Vogel arrived at the counter, pushing herself in close. She loomed over Karsten, her mirrored eyes reflecting his stifled fear right back at him. “I will ask you this now, Karsten Mueler of the Brokers: Whom did you tell?”
“I—I didn’t tell anyone!” Karsten stammered, fighting to maintain eye contact. “Was there something to tell? I don’t know what you’re talking about!”
Vogel cocked her head, hissing indignantly. She bore her glare into him, her rhythmic breathing scraping at his soul.
“I will not ask you again,” she growled.
And just like that, Karsten was cornered. He wordlessly sputtered for a moment, hoping to find some miracle way out. But in the end, he understood his only real choice was to submit. Everyone in the business knew there was no hiding anything from Lilith Vogel, not without incurring her considerable wrath. Out of options, he threw his arms up in defeat. It was time he got this over with.
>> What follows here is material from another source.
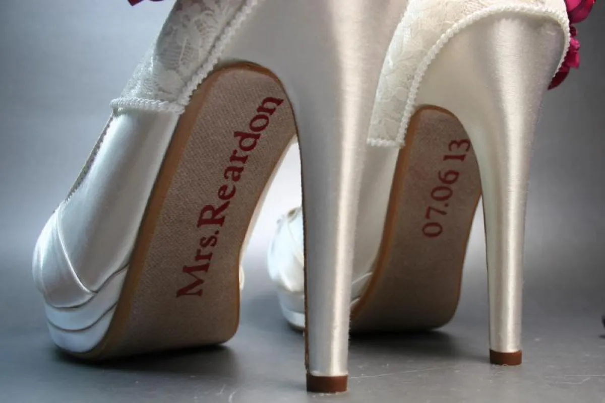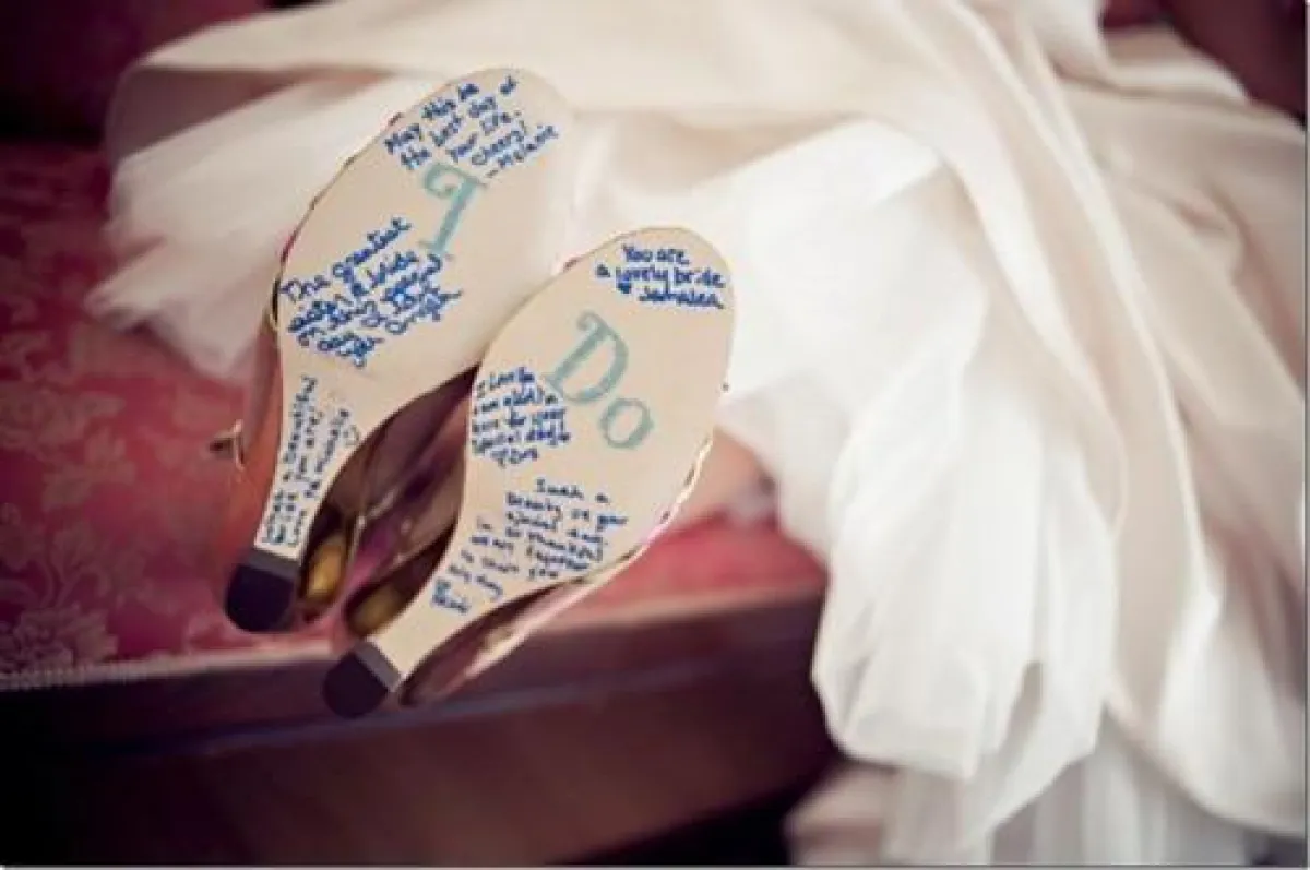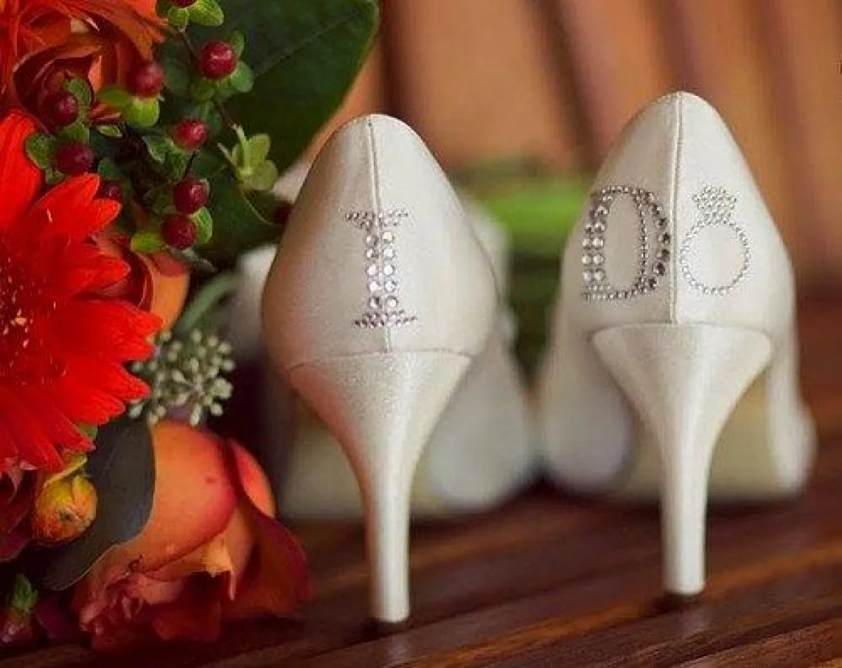 حتى تكتمل طلّتك وتبدين عروساً كالأميرات، عليكِ باختيار حذاء عروس مميّز ومزيّن، إمّا بأحجار اللؤلؤ وإمّا بالأحجار المرصّعة. لكن بعد انتقائك الحذاء، ما رأيك في أن تُضيفي عبارات جميلة إلى كعبه، بواسطة أحجار الستراس، أو أن تكتبي تاريخ موعد زفافك. لا بدّ من أن تراجعي هذه الأفكار الجميلة، التي جمعناها لك، من دون أن تنسي التقاط صور بعد انتهاء الزفاف.

“Okay… okay. I admit it,” he said, his fears slowly turning to relief at the truth. “I broke the code, I passed along information, I took a side. If you want to assemble the IHS board, bring me up on charges, take away my license, so be it. I’ll have to live with that. But know this—I will never tell you who I told.”
Karsten stood straight, puffing out his chest. He glared back at Vogel with defiance, dropping his years-long act. At long last, he would get to say to her all the things he’d ever wanted.
“There is nothing you can do to make me talk,” he declared. “And that’s because you, and your boss Metzer, and all of your Verloren Industries ilk, are nothing but a pack of slime-sucking brigands. So go ahead, ruin me, I don’t care. But you will never find them!”
Vogel flicked her wrist. A delicate knife snapped into her fingers. Before Karsten even had a chance to react, she swiftly slashed him deep across the throat.
Karsten reeled, windless, unable to scream. He fell backwards, slamming his back into the display case, staring at Vogel in terror. Clutching his neck, he felt the warmth leave his body, dribbling through his fingers and soaking into his shirt.
“I am afraid I do not have time to deal with you properly, Mr. Mueler,” Vogel sighed. She leaned in closer, her voice almost a whisper. “But rest assured, I will find them, it is only a matter of when. And once I do, they will not face a painless end. Oh no. For this I shall give them a long, slow farewell. Your miserable pack of thieves will beg for death before I’m finished stripping the flesh from their bones. This I promise you.”
Karsten’s body weakened, his heartbeat grew faint. He dropped to his knees before finally collapsing onto the floor in a crumpled heap, a pool of shimmering scarlet bathing the tiles beneath him.
Vogel calmly strode behind the counter and pressed the handle of her knife into Karsten’s palm. Seemingly satisfied with her task, she wiped the blood from her hand with a dark handkerchief and pulled out a pocket radio. She made her way towards the exit, speaking into the receiver as she did.
“Search the docks,” she coldly ordered.
As Karsten lay there, choking on his final breaths, his mind turned to Sheah, and the terrible mess he had just gotten his niece into. He prayed to the Angels, with every last drop of his life, that she would get out of this, and that somehow, someday, she might possibly forgive him. His vision fading, Karsten spent his final moments staring up at Vogel, her hands crusted with his blood, as she passed through the threshold and sank into the dark void of the night.